## Work required
For the records that follow, please set down exactly the lines between the one holding "一個簡單行為,給予我很大支持" and the one holding "生徒たちがデザインした新しい", inclusive, and only those.

## Provided data
++++++++

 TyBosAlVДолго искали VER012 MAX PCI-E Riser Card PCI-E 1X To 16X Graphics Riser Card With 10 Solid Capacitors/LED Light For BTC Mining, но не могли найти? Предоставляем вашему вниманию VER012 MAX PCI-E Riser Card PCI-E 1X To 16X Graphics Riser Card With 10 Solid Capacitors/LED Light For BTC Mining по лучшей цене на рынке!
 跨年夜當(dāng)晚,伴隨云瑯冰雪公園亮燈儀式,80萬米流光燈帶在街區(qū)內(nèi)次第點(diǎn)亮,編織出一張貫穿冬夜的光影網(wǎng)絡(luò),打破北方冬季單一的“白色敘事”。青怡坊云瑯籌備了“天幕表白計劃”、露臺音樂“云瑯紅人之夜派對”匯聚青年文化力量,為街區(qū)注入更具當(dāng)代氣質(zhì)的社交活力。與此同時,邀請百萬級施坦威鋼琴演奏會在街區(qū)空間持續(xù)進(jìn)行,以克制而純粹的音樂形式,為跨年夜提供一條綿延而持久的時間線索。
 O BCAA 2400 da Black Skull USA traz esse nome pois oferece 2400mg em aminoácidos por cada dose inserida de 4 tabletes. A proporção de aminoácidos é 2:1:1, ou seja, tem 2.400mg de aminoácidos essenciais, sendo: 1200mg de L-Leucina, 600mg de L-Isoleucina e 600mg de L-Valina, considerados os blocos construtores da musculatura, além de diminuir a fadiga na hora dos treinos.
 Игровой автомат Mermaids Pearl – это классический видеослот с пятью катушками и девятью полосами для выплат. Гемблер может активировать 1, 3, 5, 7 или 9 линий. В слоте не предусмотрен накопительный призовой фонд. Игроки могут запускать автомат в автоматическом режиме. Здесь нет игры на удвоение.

++++++++

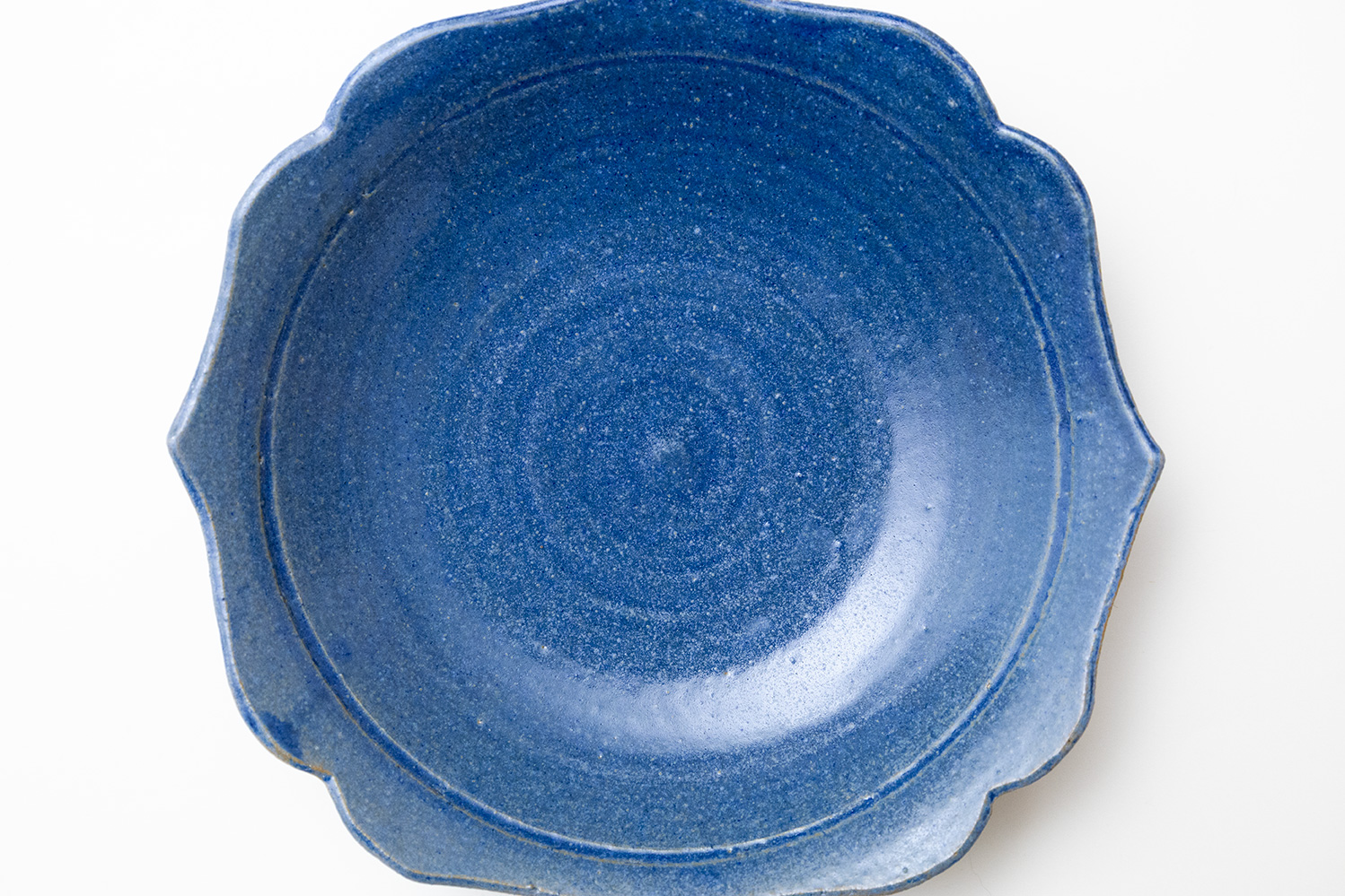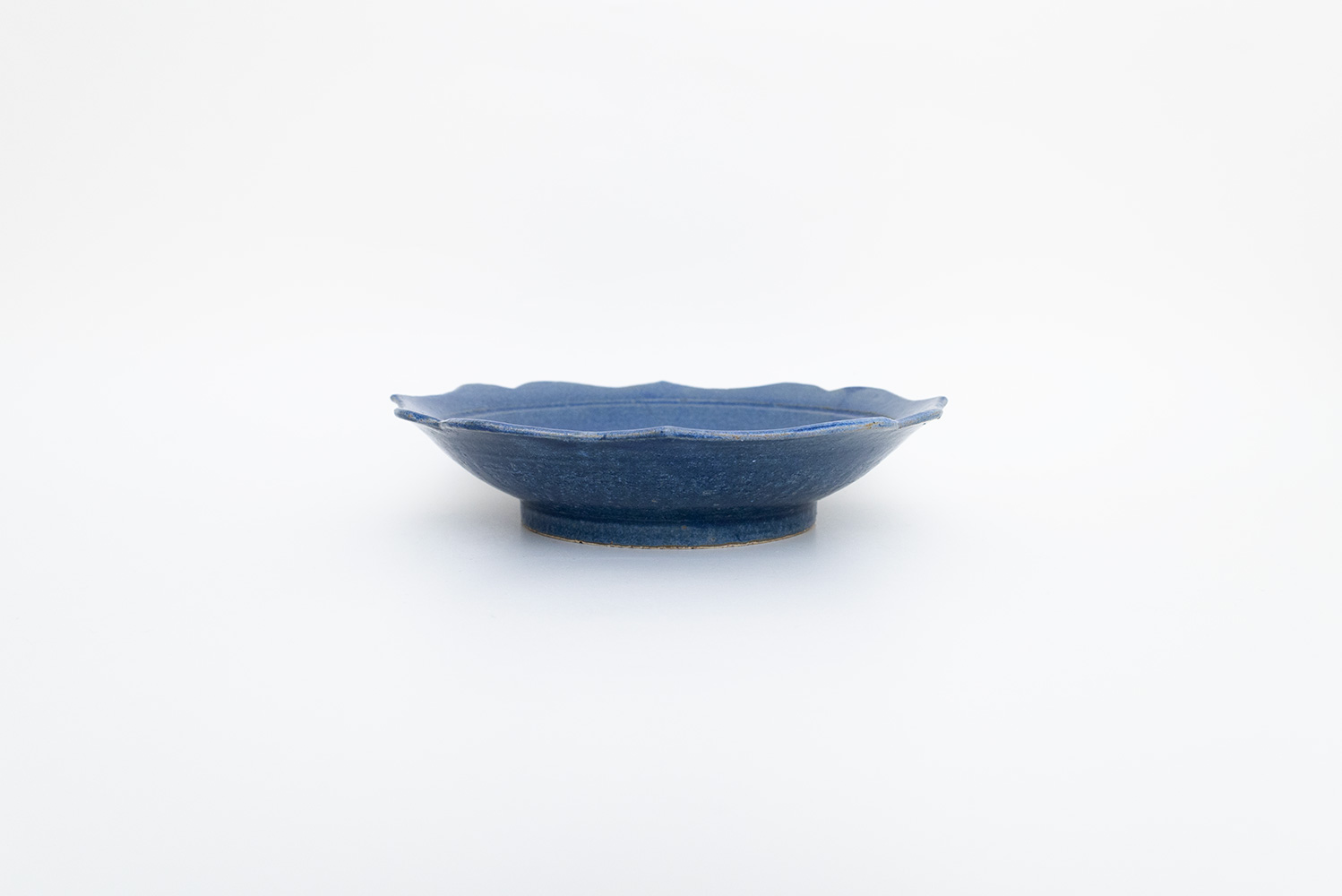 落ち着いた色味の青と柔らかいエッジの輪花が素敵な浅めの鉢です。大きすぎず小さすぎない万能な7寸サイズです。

++++++++

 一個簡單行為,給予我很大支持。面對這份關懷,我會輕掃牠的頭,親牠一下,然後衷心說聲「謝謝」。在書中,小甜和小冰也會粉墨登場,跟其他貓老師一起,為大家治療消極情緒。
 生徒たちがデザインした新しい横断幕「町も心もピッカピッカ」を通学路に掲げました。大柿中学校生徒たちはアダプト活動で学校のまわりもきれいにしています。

++++++++

## Result below
 一個簡單行為,給予我很大支持。面對這份關懷,我會輕掃牠的頭,親牠一下,然後衷心說聲「謝謝」。在書中,小甜和小冰也會粉墨登場,跟其他貓老師一起,為大家治療消極情緒。
 生徒たちがデザインした新しい横断幕「町も心もピッカピッカ」を通学路に掲げました。大柿中学校生徒たちはアダプト活動で学校のまわりもきれいにしています。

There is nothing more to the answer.